Last Modified: Sep 13, 2023
Known Affected Versions:
12.1.2, 12.1.3, 126.96.36.199, 188.8.131.52, 184.108.40.206, 13.0.0, 13.0.0 HF1, 13.0.0 HF2, 13.0.0 HF3, 13.0.1
Opened: Feb 22, 2017 Severity: 3-Major Related Article:
Related Article: K12068427
Changing the IKEv1 phase2 authentication algorithm to sha256, sha384, or sha512 does not work immediately, without a restart of the tmipsecd daemon.
Cannot switch IKEv1 ipsec-policy to sha256, sha384, or sha512 authentication without either restarting BIG-IP or restarting tmipsecd.

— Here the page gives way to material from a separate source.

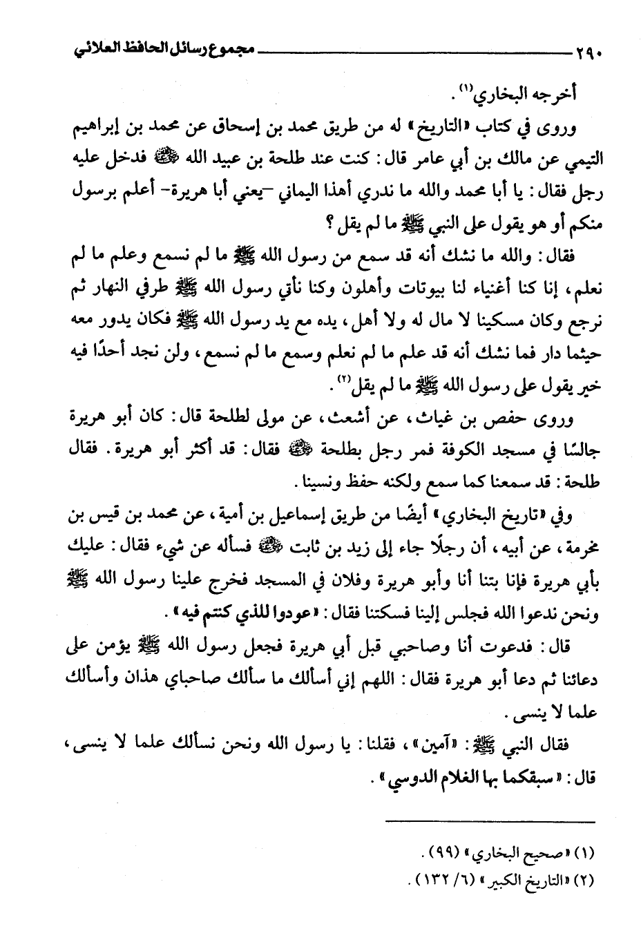 وروى في كتاب "التاريخ" له من طريق محمد بن إسحاق عن محمد بن إبراهيم التيمي عن مالك بن أبي عامر قال: كنت عند طلحة بن عبيد اللَّه -رضي اللَّه عنه- فدخل عليه رجل فقال: يا أبا محمد واللَّه ما ندري أهذا اليماني يعني أبا هريرة -أعلم برسول منكم أو هو يقول على النبي -صلى اللَّه عليه وسلم- ما لم يقل؟

If you change the ike-phase2-auth-algorithm attribute (inside an instance of ipsec-policy) to a value of sha256, sha384, or sha512, this causes a parse error when received by racoon. Thus the change does not take affect without a racoon restart.
Restarting the tmipsecd daemon causes a restart of all racoon processes, which causes the config to be re-read and then IKEv1 IPsec works correctly with SHA authentication algorithms.
Now tmipsecd sends the correct incremental config description of SHA authentication algorithms to racoon, so that IKEv1 ipsec-policy reconfiguration works immediately without requiring a restart of tmipsecd.